**Materials provided:**
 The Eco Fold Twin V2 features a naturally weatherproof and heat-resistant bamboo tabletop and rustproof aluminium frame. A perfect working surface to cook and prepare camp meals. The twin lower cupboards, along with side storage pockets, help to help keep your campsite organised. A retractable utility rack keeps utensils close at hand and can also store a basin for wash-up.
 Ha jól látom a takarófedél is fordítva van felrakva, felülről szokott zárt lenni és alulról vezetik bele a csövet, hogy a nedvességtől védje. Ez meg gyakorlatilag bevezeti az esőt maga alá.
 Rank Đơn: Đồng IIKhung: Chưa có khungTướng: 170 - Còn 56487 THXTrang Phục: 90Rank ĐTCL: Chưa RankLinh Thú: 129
---
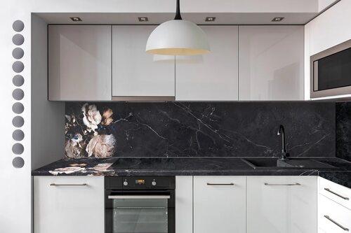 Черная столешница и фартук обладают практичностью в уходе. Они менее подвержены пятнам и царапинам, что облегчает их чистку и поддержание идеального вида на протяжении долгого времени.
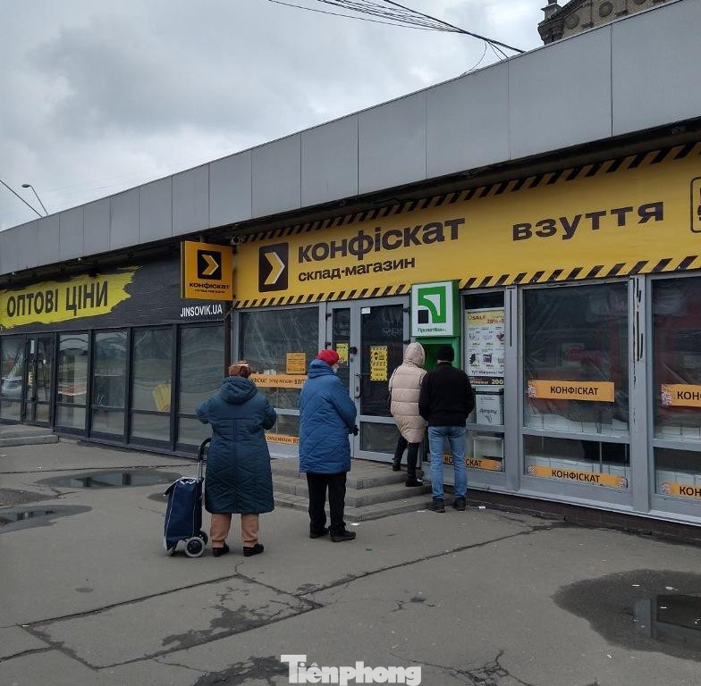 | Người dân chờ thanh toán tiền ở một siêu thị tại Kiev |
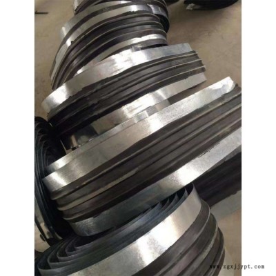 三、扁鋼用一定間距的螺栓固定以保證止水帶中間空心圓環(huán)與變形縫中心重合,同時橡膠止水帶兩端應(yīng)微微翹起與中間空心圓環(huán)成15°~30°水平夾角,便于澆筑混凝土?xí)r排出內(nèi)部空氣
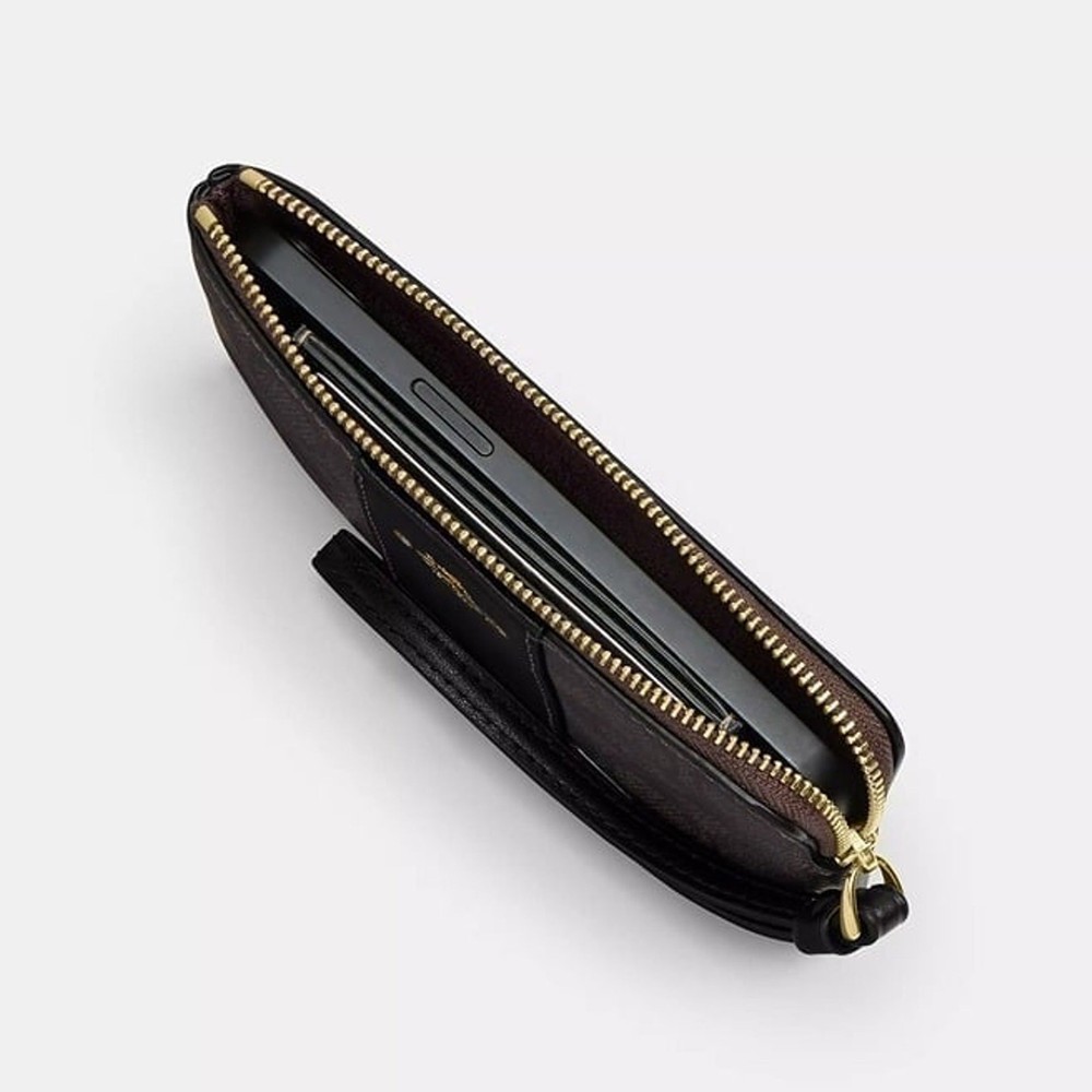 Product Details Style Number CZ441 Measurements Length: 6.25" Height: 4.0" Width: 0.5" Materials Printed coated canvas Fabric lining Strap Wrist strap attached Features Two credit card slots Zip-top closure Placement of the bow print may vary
---
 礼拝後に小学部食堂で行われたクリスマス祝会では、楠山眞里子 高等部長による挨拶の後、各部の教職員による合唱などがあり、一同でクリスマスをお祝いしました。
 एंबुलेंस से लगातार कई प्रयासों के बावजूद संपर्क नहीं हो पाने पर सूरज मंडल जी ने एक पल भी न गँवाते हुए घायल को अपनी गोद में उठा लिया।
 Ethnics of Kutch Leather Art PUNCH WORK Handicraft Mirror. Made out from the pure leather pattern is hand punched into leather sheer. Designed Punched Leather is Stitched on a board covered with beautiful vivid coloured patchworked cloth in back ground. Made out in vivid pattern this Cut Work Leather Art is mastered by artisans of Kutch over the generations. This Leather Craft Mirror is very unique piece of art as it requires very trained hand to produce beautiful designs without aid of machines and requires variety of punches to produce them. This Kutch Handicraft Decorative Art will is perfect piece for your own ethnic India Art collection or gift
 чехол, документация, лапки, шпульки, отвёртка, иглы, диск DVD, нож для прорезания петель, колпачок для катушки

**Problem statement:** Copy the lines of the data above exactly as written, beginning with the line containing "礼拝後に小学部食堂で行われた" and ending with the line containing "एंबुलेंस से लगातार", and leave out all other lines.

**Written solution:**
 礼拝後に小学部食堂で行われたクリスマス祝会では、楠山眞里子 高等部長による挨拶の後、各部の教職員による合唱などがあり、一同でクリスマスをお祝いしました。
 एंबुलेंस से लगातार कई प्रयासों के बावजूद संपर्क नहीं हो पाने पर सूरज मंडल जी ने एक पल भी न गँवाते हुए घायल को अपनी गोद में उठा लिया।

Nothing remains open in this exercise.